The COVID-19 pandemic wiped out years of growth in New York City’s office sector, erasing nearly $28.6 billion in market value and more than $850 million in property taxes in City Fiscal Year (FY) 2022. Timing its recovery is an open question, however, as employers continue to offer work-from-home options, according to a report released today by State Comptroller Thomas P. DiNapoli.
“Midtown and the Financial District are two of the largest business districts in the world. Demand for space led citywide office sector property values to more than double in the decade before the pandemic,” DiNapoli said. “When the pandemic hit, companies shifted office workers to remote work, rents fell, and vacancies rose. I am optimistic for the sector’s recovery but it’s short-term future remains uncertain as employers assess future use of the space. The city should closely monitor trends in the sector and consider the future impact on tax revenues.”
Questions over the configuration of space and a potential uptick in per-worker square footage may take years to settle. The continuation of the pandemic, firmer changes to commuting patterns, increasing subleases and vacancies, and the return of demand for residential space are likely to influence conversations over the best use of physical space in the coming months and years.
The full market value of New York City office buildings, estimated at $172 billion in FY 2021, fell 16.6% in the FY 2022 final assessment roll, the first decline in total office property market values since at least FY 2000, reflecting decreased demand brought on by the COVID-19 pandemic. The city had 463 million square feet of inventory as of the second quarter of 2021, accounting for 11% of all office space in the nation.
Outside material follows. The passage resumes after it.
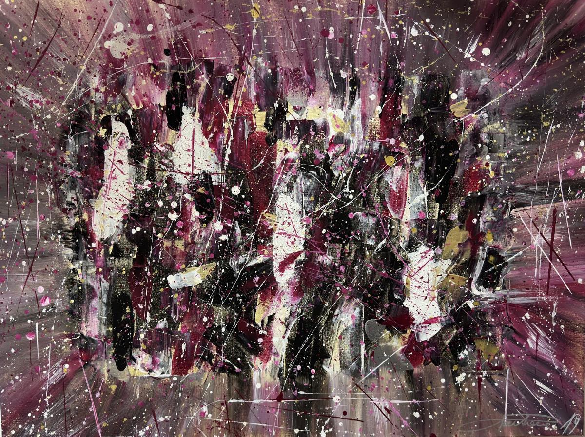 SI TRATTADI UN’OPERA ARTIGIANALE PRODOTTA IN UNICO ESEMPLARE REALIZZATA SU TELA CONFONDO SFUMATO CON UNA SERIE DI PASSAGGI DI COLORI IMPRESSI IN MANIERAINCONTROLLATA CON SPATOLA E PENNELLO. IN EVIDENZA I COLORI BIANCO ROSA NERORECA SUL RETRO IL CERTIFICATO DI ORIGINALITA’ OPERA FIRMATA FRONTE RETRODALL’ESECUTORE

Pre-Pandemic Job Growth Drove Demand for Space
New York City’s office sector reached a total of 1.6 million jobs in 2019, the highest level on record. Office sector employment makes up about a third of all jobs in the city, compared to a quarter in the rest of the state and the nation. In 2019, the sector contributed $705 billion to the city’s gross product, accounting for 66% of the city’s output.
Most office sector workers in the city were well paid, with an average annual salary of $183,900 in 2020. Even when excluding high earners in the financial securities sector, the average salary was $145,290. This is higher than the citywide average ($110,190) and much higher than the average for non-office jobs ($62,730).
In FY 2021 (assessed before the pandemic began), office property values reached $172 billion and billable values (the market value on which property tax is levied) reached $71 billion. Both had more than doubled over the prior 10 years. Office market values made up about 13% of total market values.
Office Space After the Pandemic
In 2020, office employment fell 5.7% while total employment dropped 11.1%. Many office workers shifted to remote work, with just 5% on-site in April 2020.
DiNapoli’s report found that average asking rents showed little change in the early stages of the pandemic, but began to fall significantly in the fourth quarter of 2020. By the second quarter of 2021, asking rents were down 4.2% from the prior year and vacancy rates were at 18.3%, a level not seen in over 30 years. The large volume of vacant office space has revived conversation about the conversion of some of that space into residential housing.
The office sector began experiencing measurable changes in demand in the second quarter of 2020 when Manhattan new leasing fell to 2.5 million square feet, 75% below the level one year earlier. Renewal activity fared better at 7.2 million square feet, a decrease of 15% from 2019.
Reduced demand for office space contributed to a 5.2% decline in overall billable values in FY 2022, the first decline in more than 20 years. Some of the city's most expensive office properties dropped significantly. For example, the market price of the World Trade Center complex dropped by 23.1%.
In FY 2021, the office sector provided an estimated $6.9 billion in direct revenue in property taxes, real estate transaction taxes, mortgage taxes and commercial rent taxes. Property taxes from the office sector raise more than any other property type subcomponent (e.g., single-family homes or multifamily rental buildings). Office sector property tax collections alone surpassed the entire budgets of the city’s Sanitation, Fire, Transportation, and Parks and Recreation departments, combined.
Commercial real estate such as office and retail buildings account for an outsized share of tax collections because they are assessed at a much higher rate than residential properties. In FY 2021, office buildings accounted for 12.6% of the market value of properties on the assessment roll, but more than a fourth (26.2%) of the billable taxable values at $71 billion.
The city collected $1 billion in transfer taxes and $816 million in mortgage taxes in FY 2021, the second year of declines as a result of pandemic impacts. DiNapoli estimates that $216 million of these taxes were generated by office properties, less than half of the $461 million generated in FY 2020.
Office employment has remained steadier than overall employment and is expected to continue to grow, which is likely to support future demand for space. Multiyear leases extending into 2023 and healthier balance sheets of property owners have also provided some short-term stability in the office real estate market.
The city’s tentative assessment roll for FY 2023, to be released in January 2022, will provide further insight on the potential duration and magnitude of the impact on city finances.
DiNapoli urged the city to monitor the overall employment and real estate markets, including differences in submarkets, to deliberate carefully over its choices to influence office employment and space, and to ensure that policy decisions will mitigate negative impacts on tax revenue and the economy.